Further, in the step (1), the first organic solvent is at least one of acetonitrile, tetrahydrofuran, dichloromethane, trichloromethane, dimethyl sulfoxide, o-dichlorobenzene, chlorobenzene, toluene, xylene, mesitylene, 1, 4-dioxane, 1, 2-dichloroethane, N-dimethylformamide and N, N-dimethylacetamide, and is preferably toluene; the inert gas in the step (1) comprises one or the combination of argon and nitrogen; the catalyst in the step (1) comprises one or two combinations of bis (dibenzylidene acetone) palladium and tris (dibenzylidene acetone) dipalladium; in the step (1), the ligand comprises one or two combinations of tri-tert-butylphosphine and tri-n-butylphosphine; the alkali in the step (1) comprises one or the combination of two of potassium tert-butoxide and sodium tert-butoxide.

Further, the second organic solvent in the step (2) includes at least one of dichloromethane, acetonitrile and tetrahydrofuran; the organic base in the step (2) comprises one or two of triethylamine and pyridine.

Further, the heating temperature in the step (1) is 100-120 ℃, and the stirring temperature in the step (2) is 0-25 ℃.

The invention also provides application of the aminofluorene skeleton-based rapid and long-time lysosome or cell nucleus targeted near-infrared staining reagent in organism lysosome or cell nucleus fluorescence imaging.

A near-infrared fluorescent contrast agent comprises the near-infrared staining reagent for quick and long-time lysosome or nucleus targeting based on the aminofluorene skeleton.

In summary, the invention has the following advantages:

1. the invention provides a fast and long-time lysosome or nucleus targeted near-infrared staining reagent based on an aminofluorene skeleton.

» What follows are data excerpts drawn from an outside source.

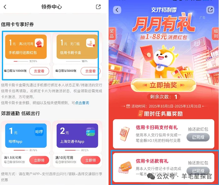 四、交通银行:8.8元云网券 + 每周抽3次+周周领 + 月月领(长期可蹲)1. 每周 “消费抽抽抽”每周
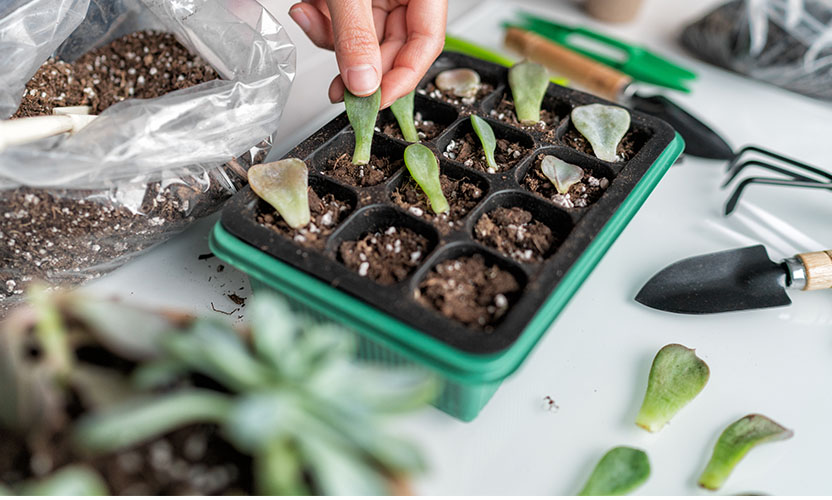 Deze makkelijke vetplant is verkrijgbaar in tientallen verschillende kleuren. Hoe je ze stekt? Trek wat van de onderste blaadjes voorzichtig los. Leg de losgetrokken blaadjes vervolgens op wat droge potgrond en wacht geduldig af totdat de blaadjes na wortels krijgen (dit kan enkele weken duren). Wanneer de bladeren wortels hebben gekregen kun je ze af en toe bemisten met water. Na verloop van tijd beginnen de wortels verder te groeien, vormt zich een nieuwe mini-vetpplant, en sterft je originele stekblad af. De minivetplant met wortels kun je uiteindelijk in de aarde planten.
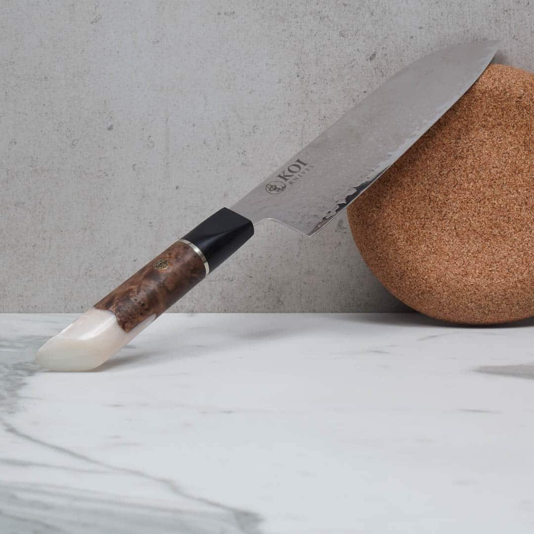 Koi’s Knives embrace nature’s beauty with master craftsmanship, making each knife as unique as the fingerprints of time. Each knife handle is crafted from organic Australian wood, reflecting nature’s individuality. Therefore, the images of handles will vary from knife to knife.
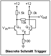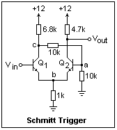 A Schmitt trigger circuit is shown at the left (it is a modification of the circuit in Jones, p. 363). Transistors Q1 and Q2 may be 2N4124's or any similar switching transistor. The input Vin should be supplied by a low-impedance variable voltage source. On testing this circuit, it will be found that the output will change from a low level of about 2.4 V to a high level of about 12 V when the input exceeds about 3 V, and will make a transition in the reverse direction when the input sinks below about 2 V. The operation of this circuit is not quite as simple as some authors seem to believe, but it can be understood by a little careful study.
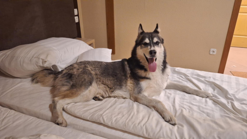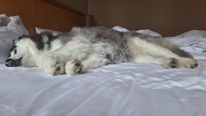 Úton az új kutyusért - husky a hotelszobában csendélet. Reggel azért nem akart felkelni.
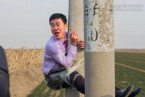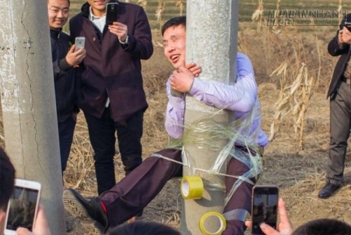Mới đây, trên con đường băng qua ruộng ở thôn Hàn Ninh, thị trấn Duy Phường, tỉnh Sơn Đông, Trung Quốc, người ta bắt gặp một anh chàng bị trói chặt lên cây cột điện gần đó.
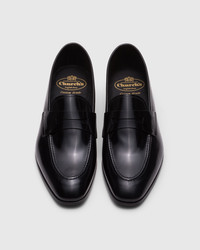 The unlined construction in ultra-soft calfskin envelops the foot like a second skin, while the upper enriched with unique detailing adds a refined touch to the Maesteg loafer—such as the Adler apron-toe seam, named after the machine used to obtain this specific stitching. A distinctive Church's style updated each season into new variations, the loafer stands as a true archetype of English style, originally evolving from the slippers created for King George VI. • Product code: EDB142_9EM_F0AAB_F_000000 • Very soft loafer with Adler apron-toe seam • Polished fume calfskin • Unlined • Leather sole with nubuck finish • Soft Blake construction for extraordinary flexibility • Logo Church's • Imported product
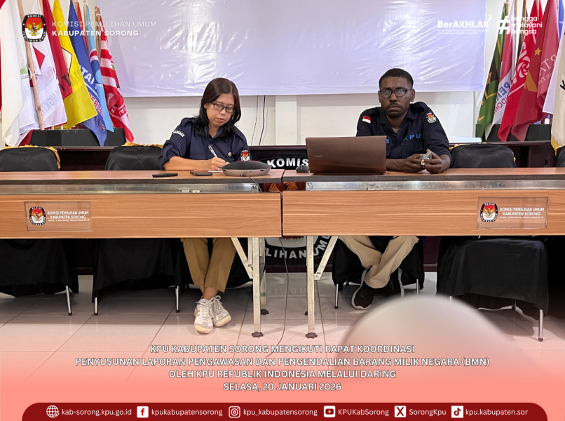 Komisi Pemilihan Umum (KPU) Kabupaten Sorong mengikuti Rapat Koordinasi Penyusunan Laporan Pengawasan dan Pengendalian Barang Milik Negara (BMN) yang diselenggarakan oleh KPU Republik Indonesia secara daring. Selasa, 20 Januari 2025.
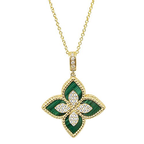 This 14 karat yellow gold malachite pendant features a floral shape with diamonds in the center of the flower and is hanging from a 16″ gold chain.
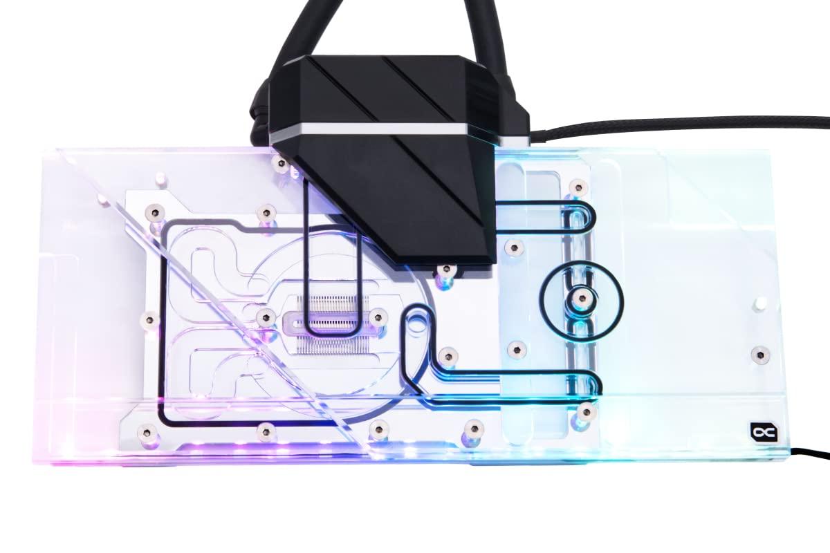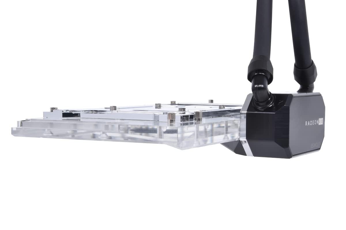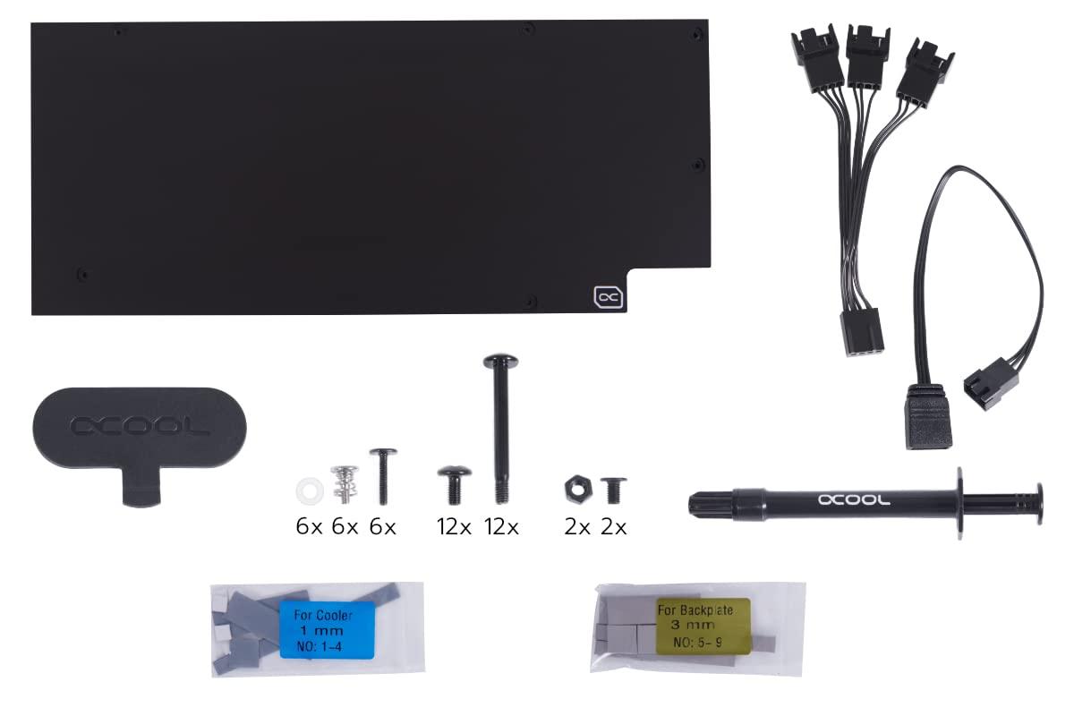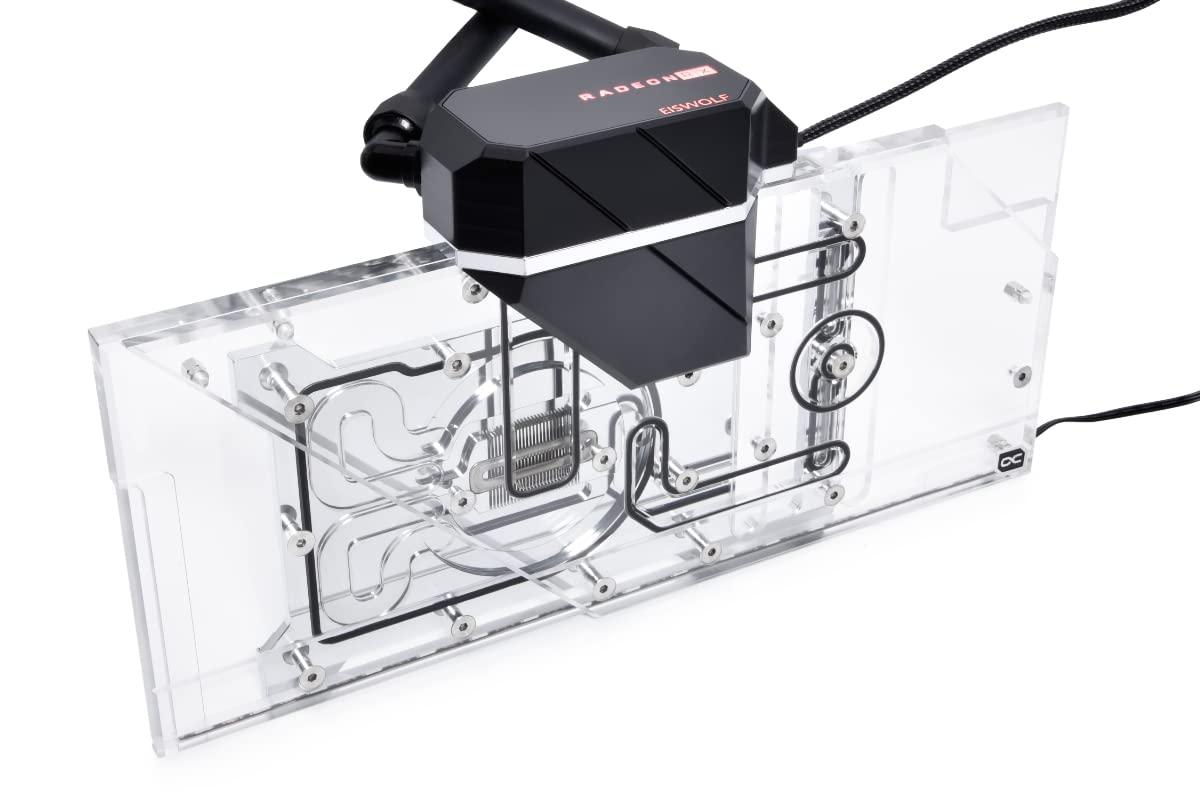 - Refrigeratore Full Cover Il refrigeratore d'acqua AIO della scheda video Eiswolf 2 raffredda non solo la GPU con acqua, ma tutti i componenti rilevanti che richiedono un raffreddamento attivo. Ciò include la memoria grafica, i convertitori di tensione e se ci sono altri componenti che richiedono un raffreddamento diretto.

2. The near-infrared dyeing reagent prepared by the invention has longer fluorescence emission (more than 700nm) and larger Stokes shift (more than 140nm), and can effectively avoid the interference of background light; the staining reagent disclosed by the invention has the characteristics of ultra-fast staining and high-stability imaging on the staining of lysosomes, and can be used for monitoring cells for a long time; the staining of the cell nucleus has higher definition and higher stability, and the form of the cell nucleus can be tracked and researched; the problems of complex operation process, high cost, low imaging result accuracy, long time consumption and the like caused by complex synthesis, short emission wavelength, small Stokes displacement, long imaging time and the like of the conventional lysosome and cell nucleus targeting dye are solved.

Drawings

FIG. 1 is a synthetic scheme of the preparation process of the present invention.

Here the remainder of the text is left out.